-- Records provided follows --

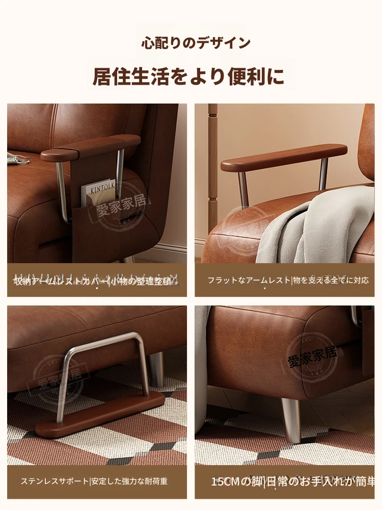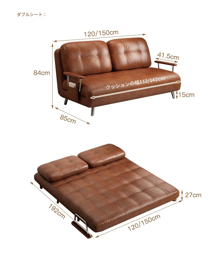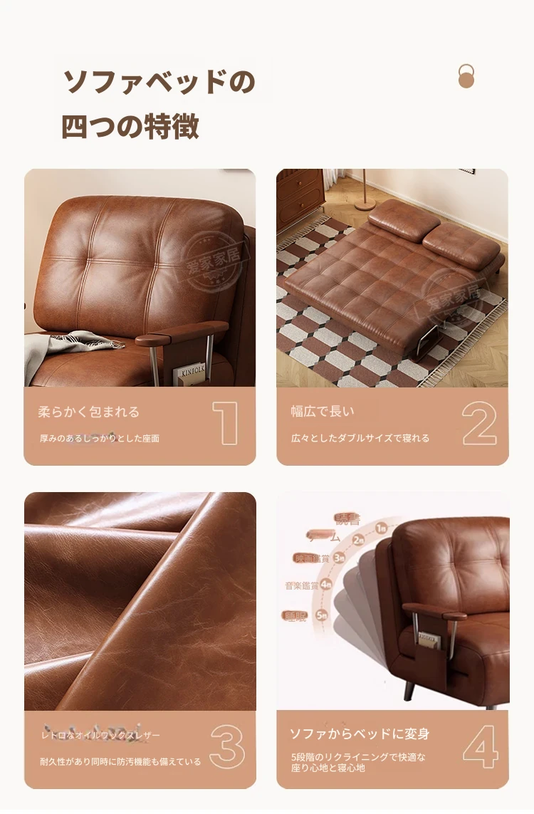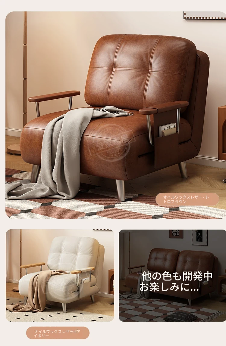 【選りすぐりのホワイトオイルワックスレザー丨無粉スポンジ】1.0mソファベッド
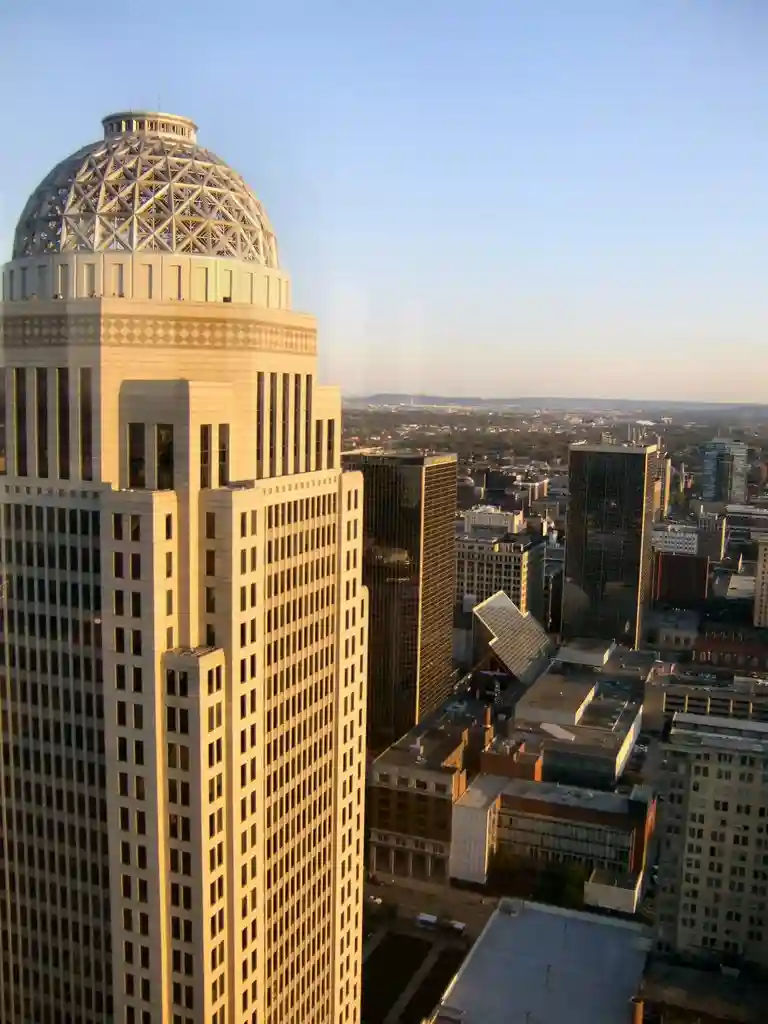 Деловой центр города Луисвилл находится непосредственно к югу от реки Огайо и к юго-востоку от водопадов Огайо. Основные улицы расходятся от центра города во все стороны. Аэропорт находится примерно в 10 км южнее центра. Промышленные районы расположены к югу и к востоку от аэропорта, большинство жилых районов находится на юго-западе, юге и востоке от центра города. Пейзаж города должен вскоре поменяться из-за строительства небоскрёба «Мьюзиум Плаза» (Museum Plaza) высотой в 62 этажа и стадиона на 22 000 мест на набережной.
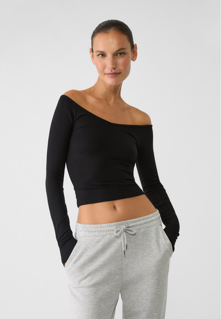 stradivarius t-shirt canneté scollo a v black s_shirt with long sleeves with v-neck available in different colors.
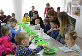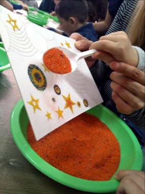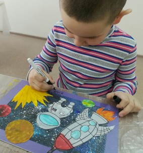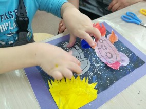 А в творческой мастерской каждый смог представить свой полет к далеким галактикам: сияет космическая пыль, горят звезды и вращаются песчаные планеты, а через акварельный космос, полный брызг и звезд, летит отважный космонавт!..
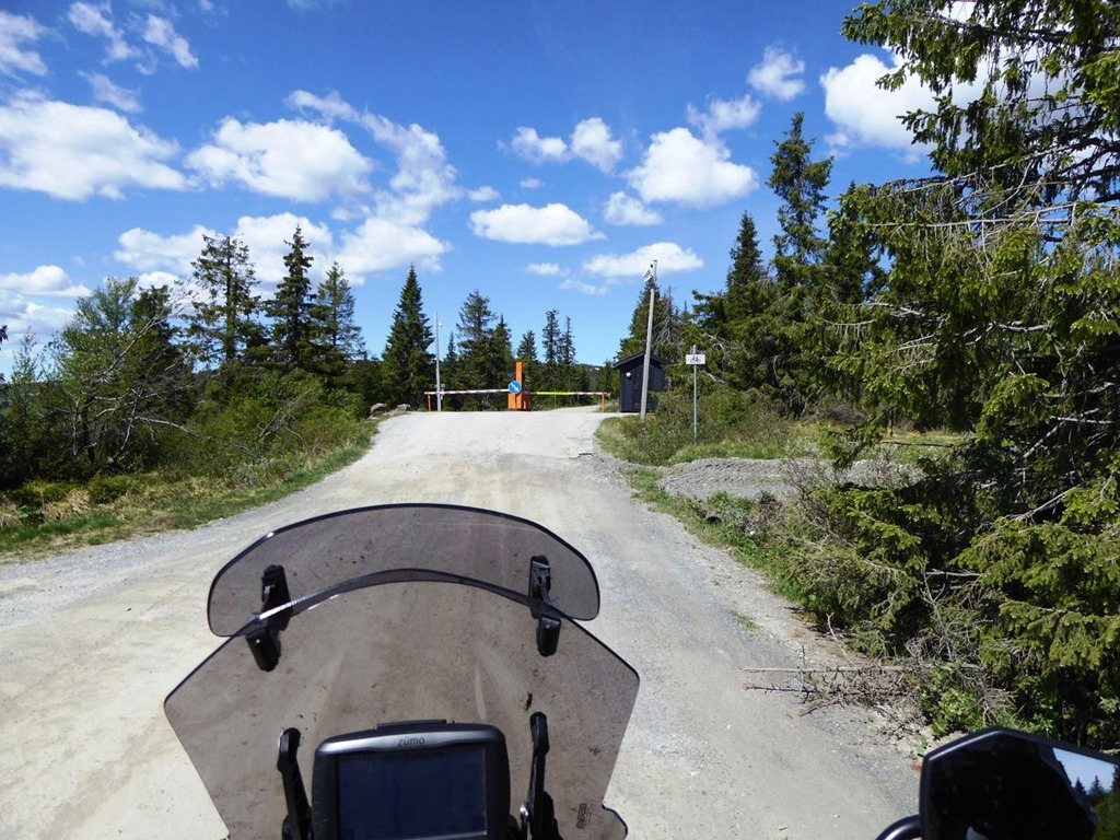 Der Eingang des Peer-Gynt-Weges, Autofahrer müssen 80 Kronen(ca. 8 €) Maut zahlen, Motorradfahrer dürfen so durch

-- Records provided concluded --

Activity: Repeat the line containing "Деловой центр города" and every line after it up to the end of the material above, exactly as they stand, minus the pictures.

Answer for the task:
 Деловой центр города Луисвилл находится непосредственно к югу от реки Огайо и к юго-востоку от водопадов Огайо. Основные улицы расходятся от центра города во все стороны. Аэропорт находится примерно в 10 км южнее центра. Промышленные районы расположены к югу и к востоку от аэропорта, большинство жилых районов находится на юго-западе, юге и востоке от центра города. Пейзаж города должен вскоре поменяться из-за строительства небоскрёба «Мьюзиум Плаза» (Museum Plaza) высотой в 62 этажа и стадиона на 22 000 мест на набережной.
 stradivarius t-shirt canneté scollo a v black s_shirt with long sleeves with v-neck available in different colors.
 А в творческой мастерской каждый смог представить свой полет к далеким галактикам: сияет космическая пыль, горят звезды и вращаются песчаные планеты, а через акварельный космос, полный брызг и звезд, летит отважный космонавт!..
 Der Eingang des Peer-Gynt-Weges, Autofahrer müssen 80 Kronen(ca. 8 €) Maut zahlen, Motorradfahrer dürfen so durch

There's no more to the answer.